Back to tillage after wet years

With extra rain, tillage is back in style in some areas. First, evaluate the 
risks of erosion and salinity. Then, consider dealing with compaction

a tilled farmer's field

Soggy springs and summers have made tillage fashionable again in some parts of the Prairies. Some see tillage as a means of drying saturated soils. Others hope to relieve compacted soils through some sort of vertical tillage.

But is tillage an effective solution to these problems? And do the potential benefits outweigh the risks?

Tilling to warm soils

Farmers dealing with sopping wet soil might want to try tilling, Dr. David Lobb told delegates at the Manitoba Agronomists conference in December 2014. Lobb is with the University of Manitoba’s Department of Soil Science.

“Crop residues shade the soil and keep it moist. You have a cool, moist environment which usually delays seeding,” said Lobb. Since tillage buries crop residue and exposes soil to air, it should help warm and dry it, Lobb explained.

But research into using tillage to manage wet soils hasn’t yielded conclusive benefits. Some studies have shown tilled soils tend to be slightly warmer and dryer than no-till soils, Lobb said. But differences are often insignificant and results are inconsistent, he added.

Farmers might see some small improvement by managing extra moisture through tillage, he said. “But what’s going to override how wet your soil is isn’t the tillage system so much as the weather. If you have wet weather, you have wet soils.”

Tillage brings risks to the Prairie pothole region and the Red River Valley, Lobb said. For one, it accelerates soil erosion. Without residue cover, farmers will more likely see wind and water erosion. Tilled hilltops are more likely to erode. And in the Red River Valley, “tillage is actually what fills in a lot of those surface drains, particularly at the field edges where you get a bit of damming,” said Lobb.

In wet years, water draws salt to the soil surface, causing salinity. Tilling those areas can increase salinity, said Marla Riekman, land management specialist with Manitoba Agriculture, Food and Rural Development. The salinity caused by tilling around wetlands can outweigh potential benefits such as drying, she added.

Lobb said tilling to eliminate ruts is a good way to keep fields operational. But tilling when soils are still wet will make the problem worse. Instead, he suggested targeted tillage when the soil is slightly frozen. “You can actually level out those ridges and ruts a little bit.”

Compacted soils

Some farmers are concerned about compaction in their fields, especially as equipment gets heavier. Compaction happens when soil particles are squeezed together, compressing pore space. But slightly compacted soils promote good contact between seed and soil, the University of Minnesota’s website notes. A little compaction can also cut water loss from the soil.
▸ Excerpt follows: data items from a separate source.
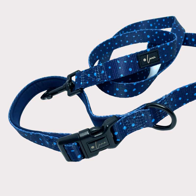 Cool, classic, and easy to love — our “Dotty for You” Blue Dog Lead is a go-to for pups who prefer timeless style with a playful twist. The cheerful dotted print adds personality without fuss, while the sleek black hardware keeps it looking sharp.
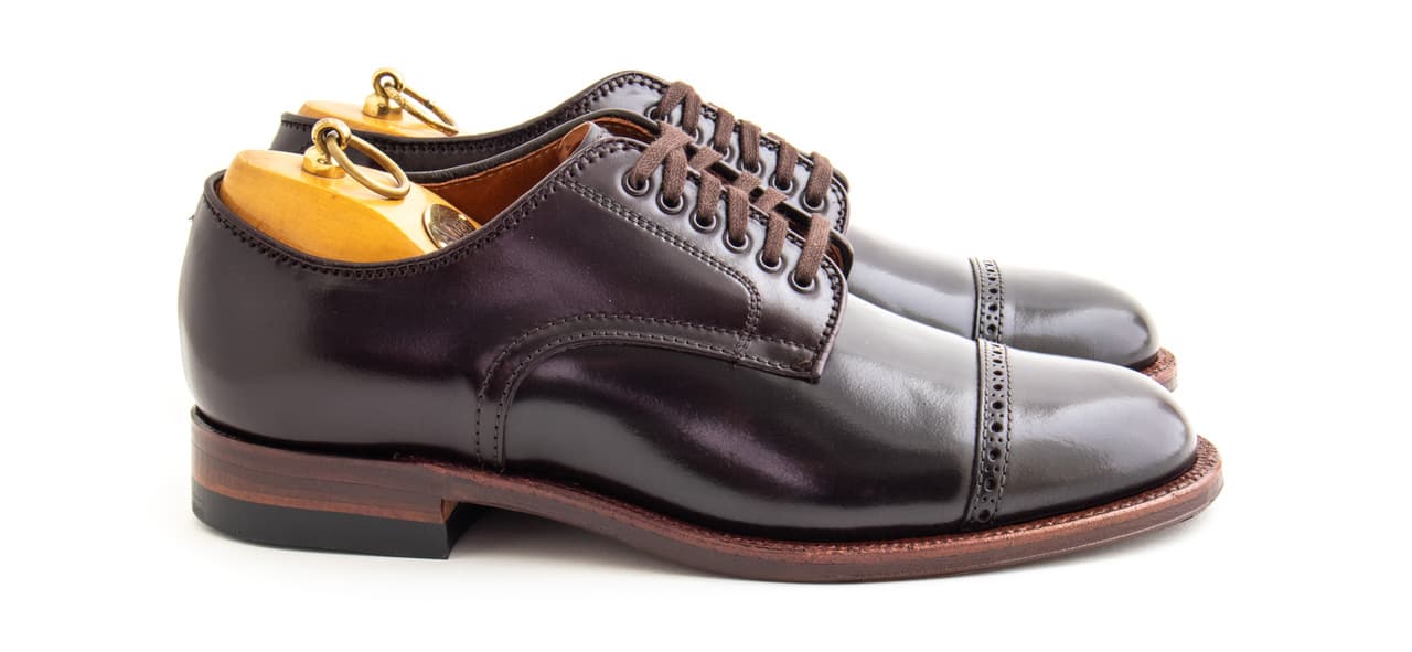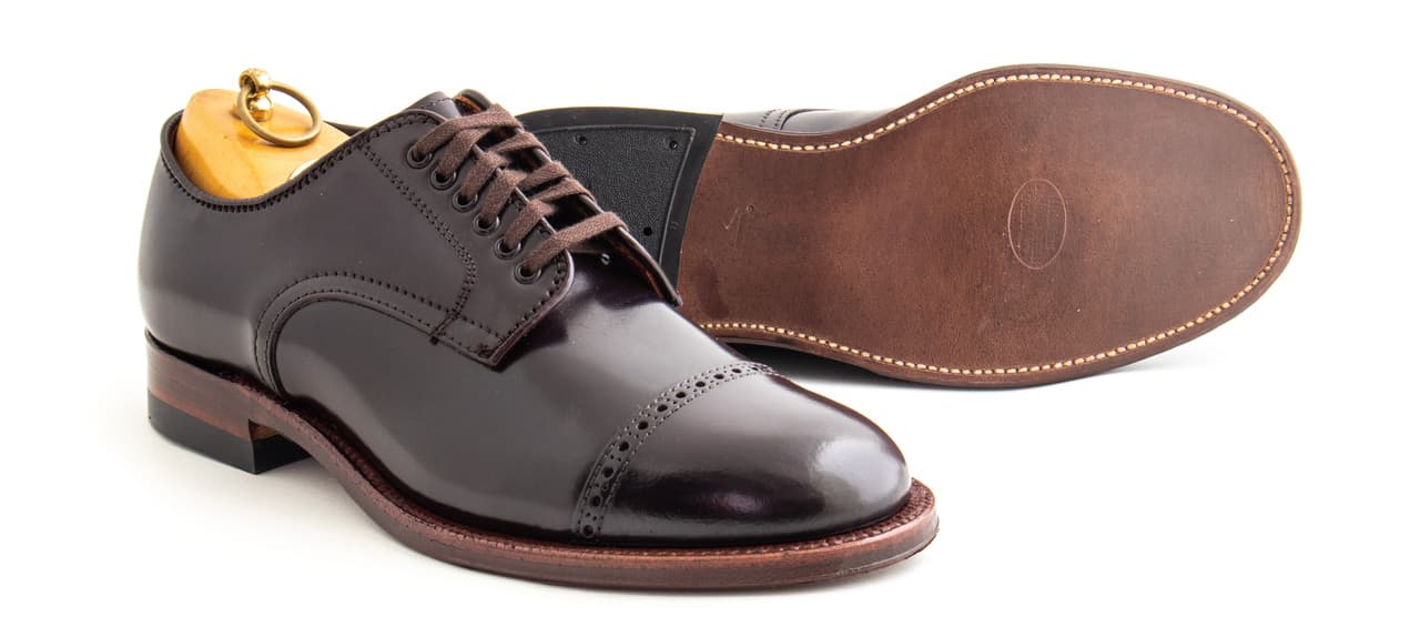 Our latest collaboration with Alden is this cap toe derby made on their 379X military last. With six metal eyelets, color 8 shell cordovan, and single leather soles, it’s an easy classic. Wear them with wide-leg chinos, denim, or vintage military trousers.
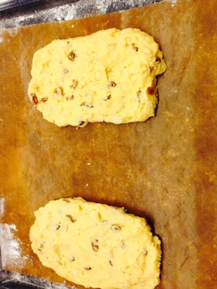 Hamurumuz kıvama gelince 2’ye böldük. Yağlı kağıdın üstüne 2 ayrı parça olarak yaya yaya şekil verdik. Ve 170 dereceye attık tepsiyi.

But in wet years, yields drop with any increase in compaction, the University of Minnesota notes, because it leads to more denitrification. In dry years, some soil compaction boosts yields. But too much soil compaction cuts yields in dry years, too, according to the university.

Tillage, raindrops and minimal crop rotation can all cause some form of compaction, the University of Minnesota notes. But wheel traffic is the major cause, as machinery grows heavier and farmers are pressured to start seeding before soil is dry enough to support the equipment.

“The challenge is not actually causing the compaction in the first place,” said Riekman.

Farmers should keep in mind that 80 per cent of compaction happens on the first pass, Riekman said. She suggested making sure tractors aren’t over-ballasted.

Running tires at the rated pressure is also important. Riekman said when tires are at the rated pressure, they don’t cause any more compaction than tracks. Often tires are over-inflated for the field, she said.

As for vertical tillage, Riekman warns that many units are actually more like high-speed diskers than true vertical tillage implements. Faster soil movement has the potential for higher erosion, she added.

The University of Wisconsin’s Discovery Farms looked at shallow vertical tillage on five Wisconsin farms. Researchers concluded that “aggressively designed vertical tillage implements will disturb more soil and surface residue” than other designs.

Machines with aggressive blades and rear attachments and gangs angled at more than 180 degrees disturb soil and crop residue more than other vertical tillage implements, the Wisconsin researchers noted. Conservative and shallow are key words when using those implements in fields likely to suffer soil loss, the reports states.

Making two or more passes with vertical tillage implements can boost soil disturbance and reduce residue, similar to tandem disking, Wisconsin researchers noted. Aggressively designed vertical tillage equipment will move soil laterally on the first pass, they added. One shallow pass with non-concave coulters didn’t move much soil laterally.

Riekman said researchers haven’t found any fracturing below the coulter. As well, one of Riekman’s colleagues and a summer student used a penetrometer to see whether vertical tillage cut compaction in a field. Three weeks after the field had been tilled, they couldn’t find any signs that compaction had been decreased, she said.

Subsoilers also fall into the vertical tillage category, but they’re meant to dig deeper into the soil profile and fix deeper compaction issues.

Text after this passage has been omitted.